What can you do? You can stay at home and appreciate your garden even if it’s just in those pots. Or you can travel and see the countryside. You don’t need go to the other side of the world to see beauty. It may just be at your doorstep. Or perhaps it can be found in the face of the one you woke up with this morning. 

5. To leave the world a bit better, whether by a healthy child, a garden patch, or a redeemed social condition.

It would be nice to take up a really good cause and not count the cost of doing so. You don’t have to wait for a typhoon or an earthquake to hit before you lend a hand to those in need. There are plenty of people just around you who need a bowl of hot soup on a cold day or a shirt on their back. The need may not always be physical or economical need. It could be psychological and emotional and even spiritual. Donate. Volunteer. Reach out. Save a life.

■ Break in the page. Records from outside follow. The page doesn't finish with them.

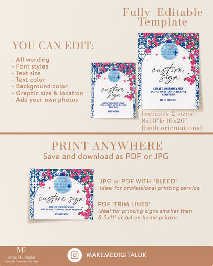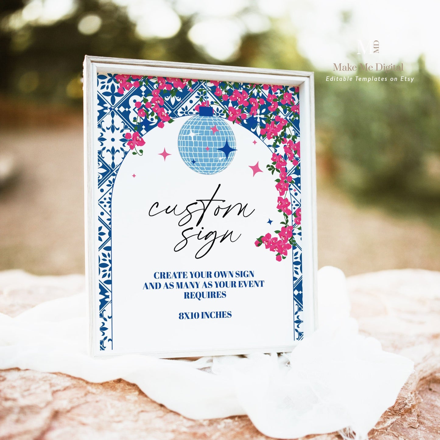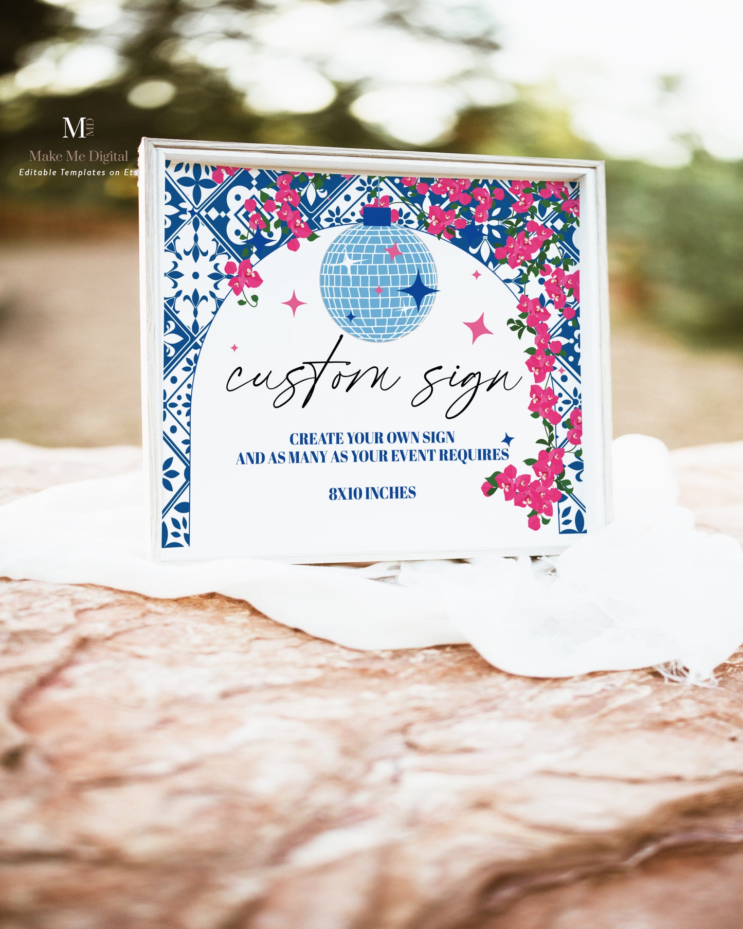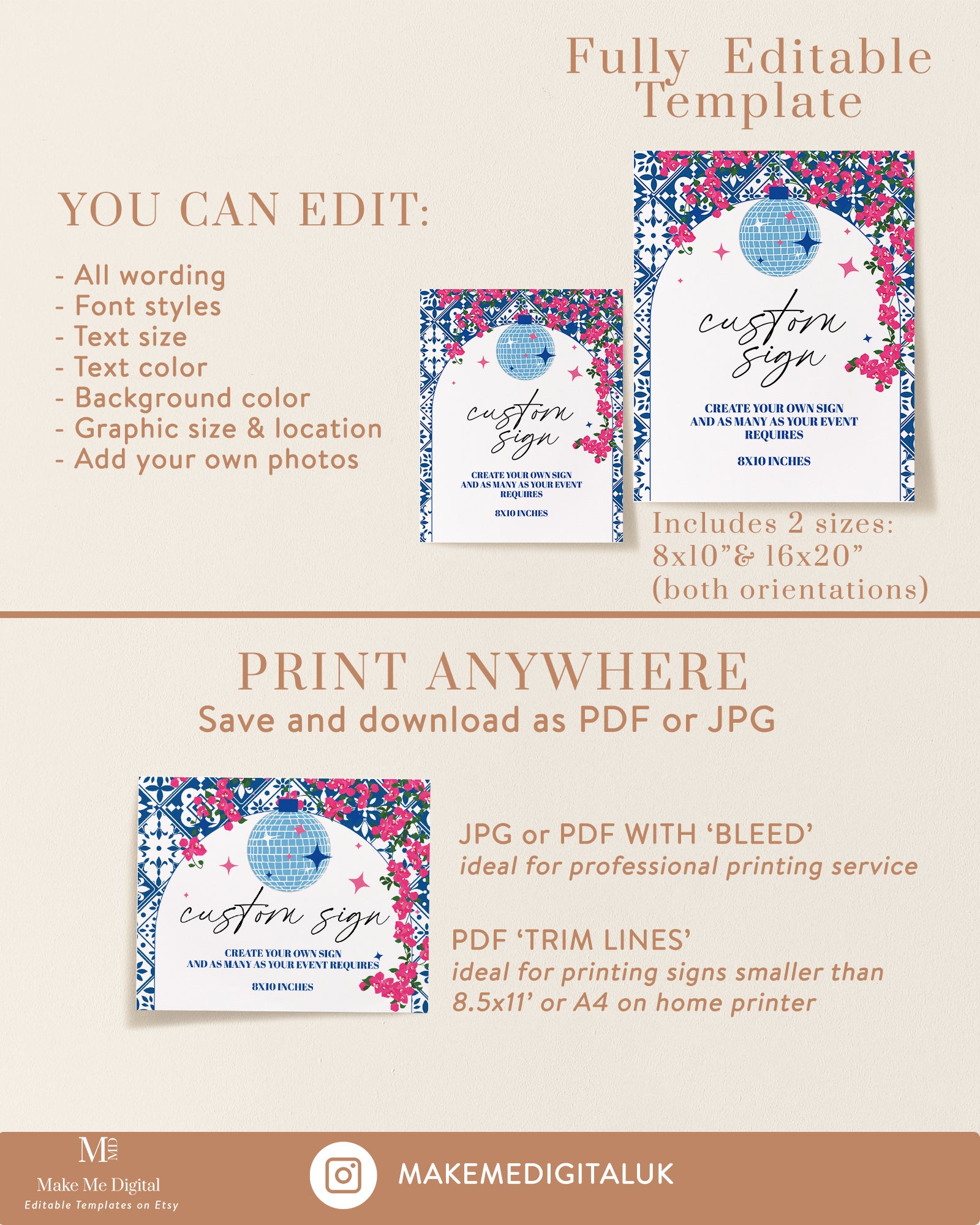 Save time, money, and wow your guests by printing your Greek 70s-inspired hen party custom sign! Edit all the wording, colors, fonts, and icons to match your event needs.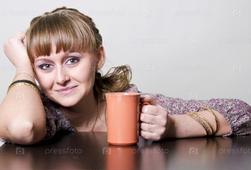 Девушка держит чашку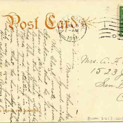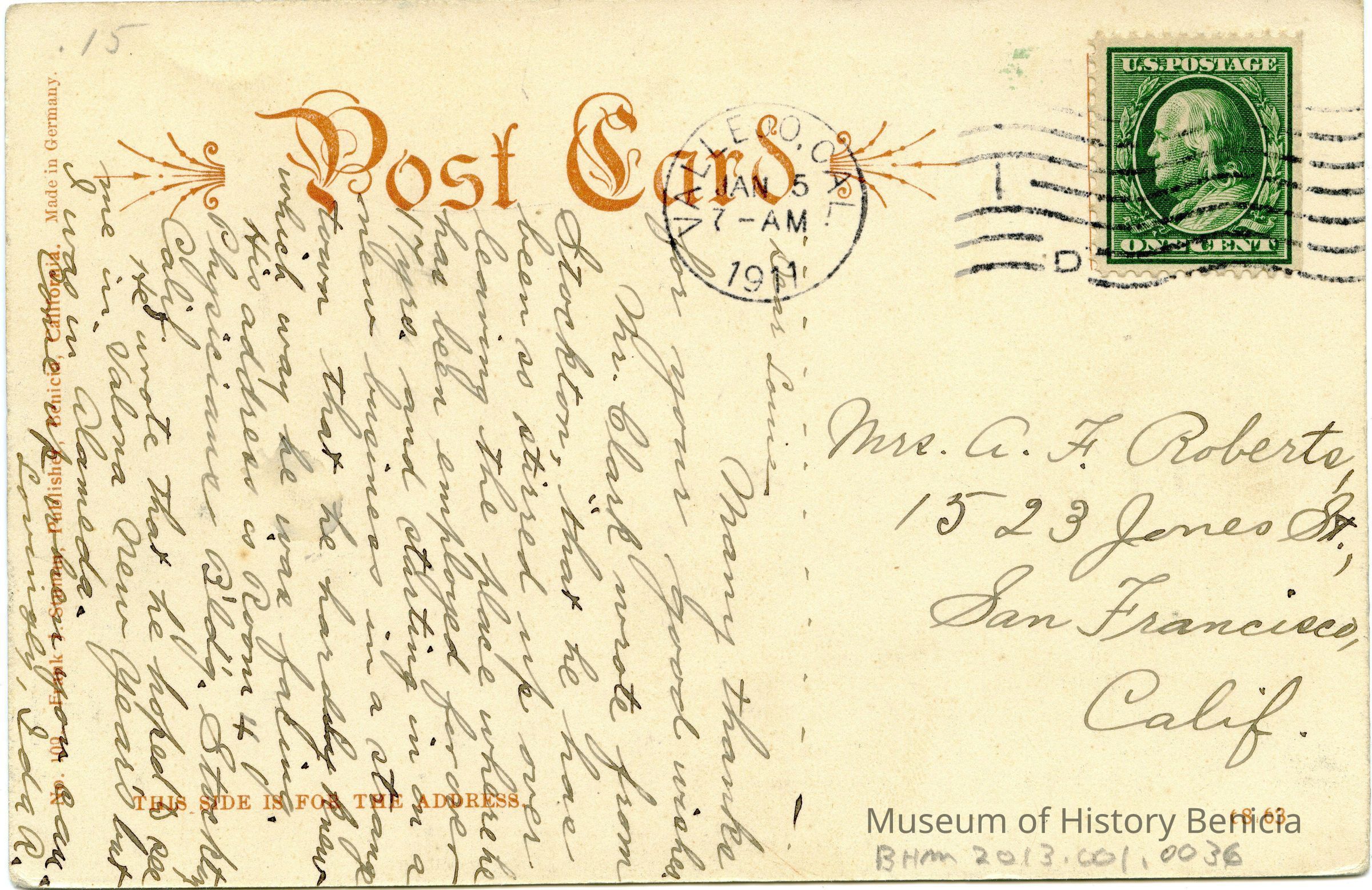 The card is addressed to Mrs. A.F. Roberts of San Francisco, CA and is from Ida A. The card talks of a Mr. Clark who left his place of employment after 17 years and is starting over in Stockton.Collection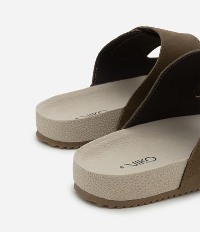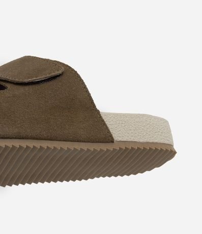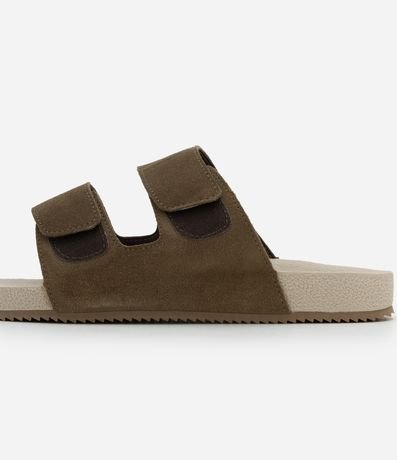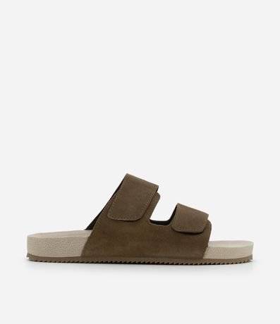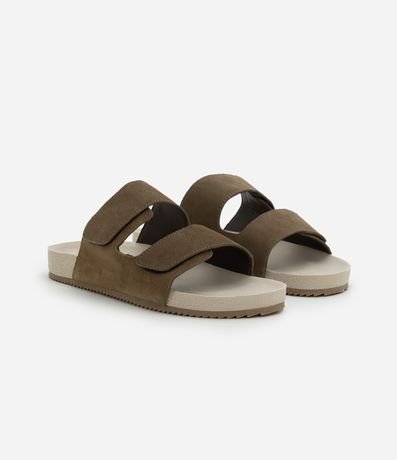 Ref: Sandália masculina confeccionada em camurça com boas práticas ambientais, modelo slide com tiras largas ajustáveis por velcro, garantindo conforto e praticidade para compor looks casuais com estilo moderno e toque sofisticado.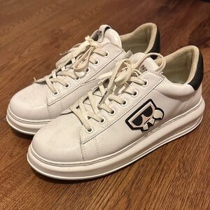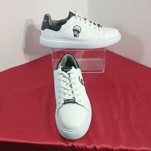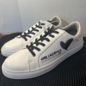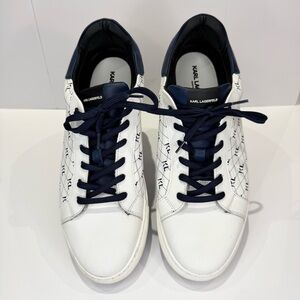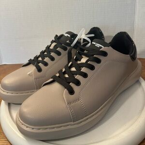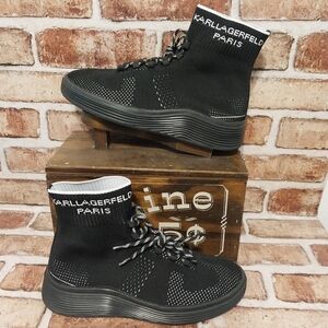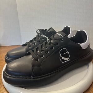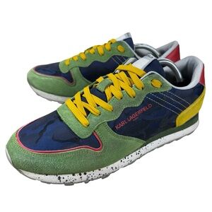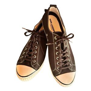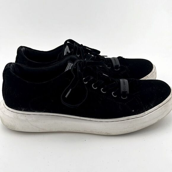 Pre-Loved Karl Lagerfeld Men US 8 Black Textile Leather Shoes Comfort Sneakers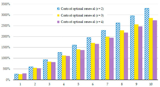 We conclude that a quick response—even after slight reduction of infrastructure’s availability level—and carrying out repair and corrective actions, making infrastructure return to the state of entire availability, is especially profitable in a longer exploitation time. From the conducted analysis, it follows that this trend is invariable, regardless of what percentage of cost of perfect renovation are the costs of partial renovation of the infrastructure. Table 3 presents results for the case when the cost of renewal to state 2 is 40% of the perfect repair cost and the cost of repair to state 3 amounts to 50% of the single perfect repair cost. At imperfect repair cost percentages of 50% and 40%, repairs of infrastructure after exceeding availability state 2 (for r = 2) are the most profitable in the period of 1 year of infrastructure exploitation. Over a longer period of infrastructure exploitation, starting repair and corrective actions after leaving state 4 of entire availability is the best solution to minimize the cost of an infrastructure’s renewals and maintenance. In other cases, considered in Section 5.2, the results are almost identical with those presented in Table 2.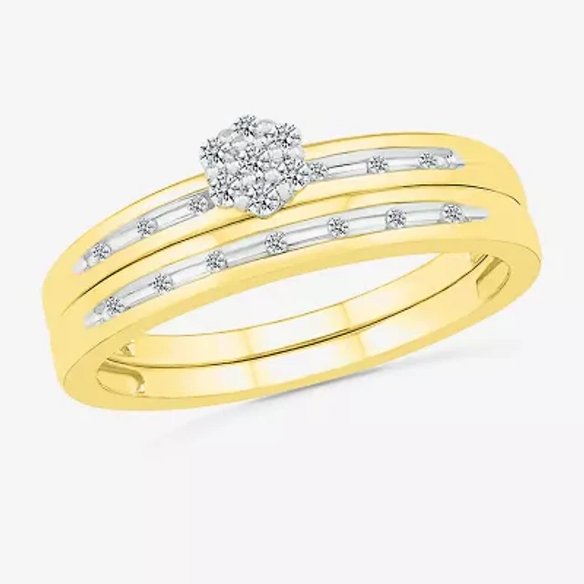 3.60mm Unisex Adult 1/5 CT. Natural White Diamond 10K Gold Round Side Stone Wedding Ring Set

Pay forward whatever good that has been done to you and pretty soon, there will be a chain of good deeds and kindness going around. What a beautiful sight that will be and it’s good for the soul.

6. To know even one life has breathed easier because you have lived.

One year. One life. One family. One community. One country.

There’s really nothing special in all these. It’s not in the number of days or weeks or months or years that matter for as long as we have a zest and appreciation for life and for one another. What matters is that we have made a difference in someone else’s life.

Even if it means just a year to live.